Luke brushed Elliot's hand from his arm and made a fist with the other one, swinging at Elliot's face. Elliot leaned backwards to avoid the strike, but Luke's knuckles glanced off of his nose. Luke grabbed Elliot's robe and used it to swing him around and throw him against the mirror. Without his helmet on, Elliot's head was vulnerable, and Luke went for his neck.
“I used the Force, and my anger made me strong!” Luke's telekenesis clamped down on Elliot's throat and began to lift him from the ground. “They deserved a just and vengeful death! I welcome the Dark Side!”

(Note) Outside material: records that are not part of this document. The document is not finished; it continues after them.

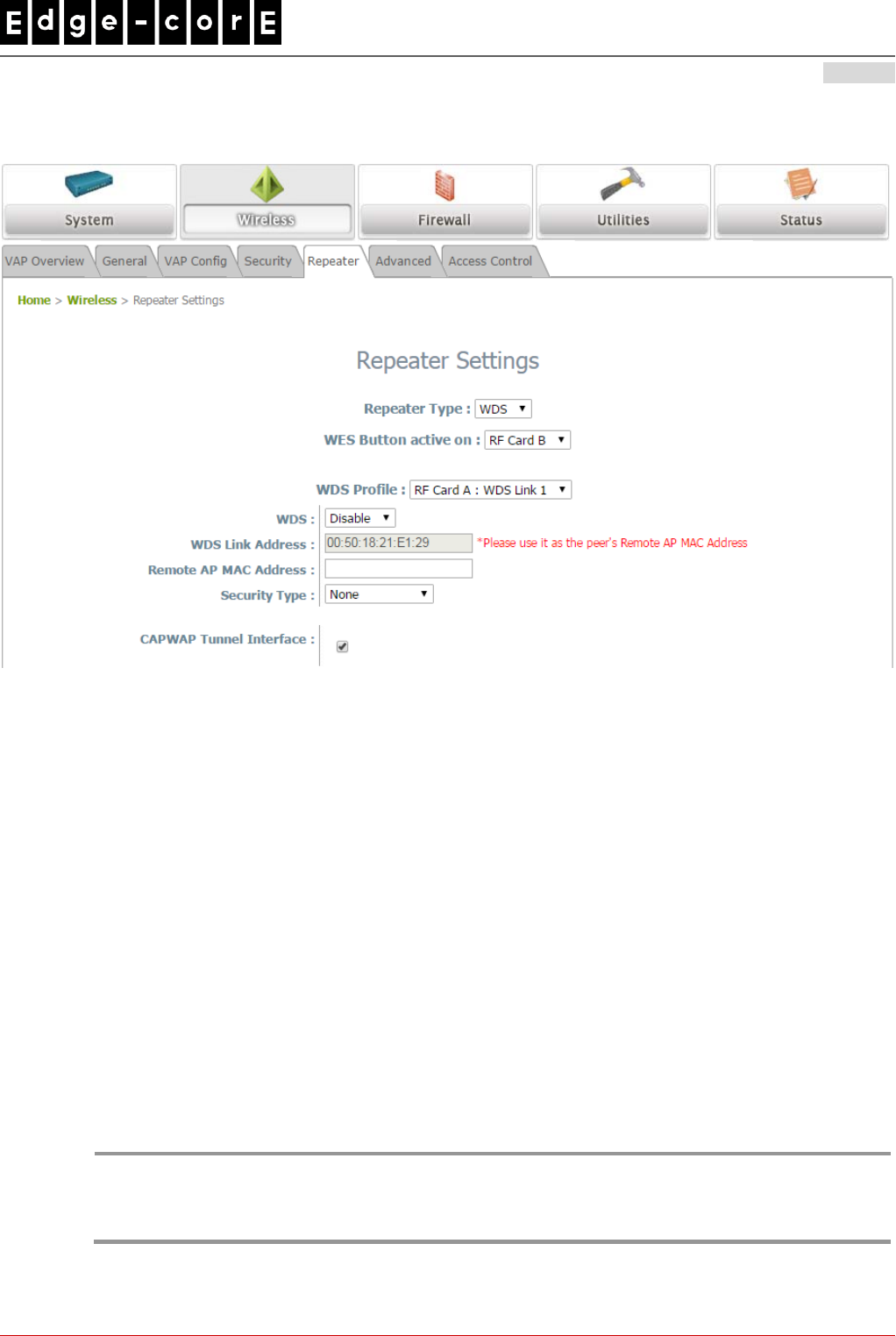 If you are using another ECW100 as the peer AP, simply repeat the above-mentioned steps to configure
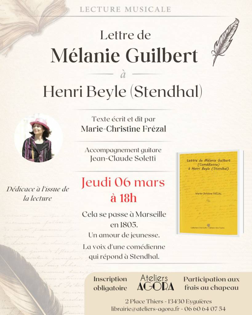 👉 L’Atelier Agora vous invite à une lecture musicale par Marie-Christine Frézal, accompagnée à la guitare par Jean-Claude Soletti.
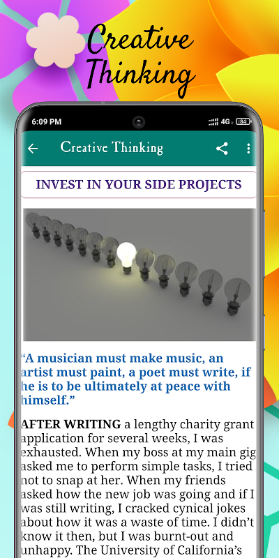 Creatief denken: tips en strategieën voor innovatie is de ultieme app om je creativiteit te stimuleren en je creatieve denkvaardigheden te verbeteren. Of je nu je innerlijke artiest wilt ontketenen, je creativiteit een boost wilt geven of gewoon innovatiever wilt worden in je denken, onze app heeft iets voor jou. Met 'Creatief denken' leer je praktische tips en strategieën voor creatieve visualisatie, brainstormen en divergerend denken, evenals technieken om je creatieve geest te voeden en de kracht van creatieve verbeeldingskracht te benutten. Je leert ook over verschillende soorten creativiteit, creatieve persoonlijkheidskenmerken en het creatieve proces, en hoe je deze concepten kunt toepassen op je leven en werk. Dus als je klaar bent om je creativiteit naar een hoger niveau te tillen, download dan vandaag nog Creative Thinking en begin je creatieve denkvaardigheden een boost te geven!
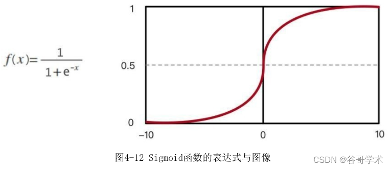 −∞→+∞,而值域则光滑地分布在0到1之间。函数表达式和图像如图4-12所
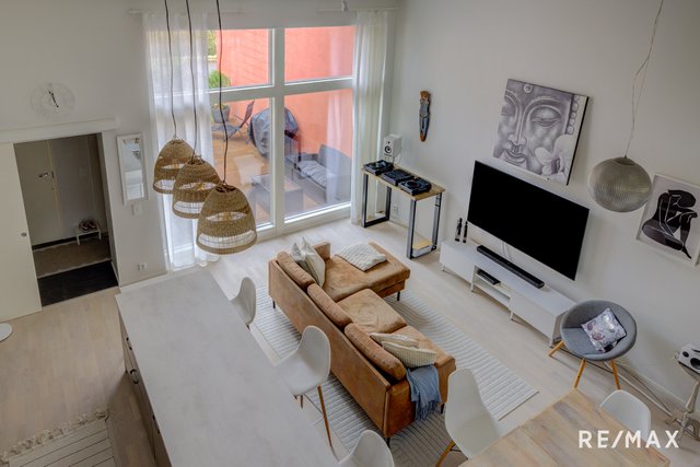 HUONEISTON pohjaratkaisu on erittäin tehokas, eikä hukkaneliöitä ole! Asunnon huonekorkeus on korkeimmillaan 4,25 m ja kokonaisuus onkin huomattavasti neliöitään suuremman oloinen. Pinta-ala on yhteensä noin 91 m2 (yhtiöjärjestyksen mukainen pinta-ala 70 m2 + parvi noin 21 m2).

Elliot's hands went to his neck in a reflex to remove the object constricting his trachea, but his fingers clawed uselessly at nothing. He continued sliding up the wall and his face began to redden from oxygen deprivation.
“Elliot!” Imogen called, trying to climb over the table to get to him. Before she had time to shift, Luke's other hand went out, invisibly grabbing her by the neck, and threw her head-first into the side of the table. She crumpled to the floor, unconscious.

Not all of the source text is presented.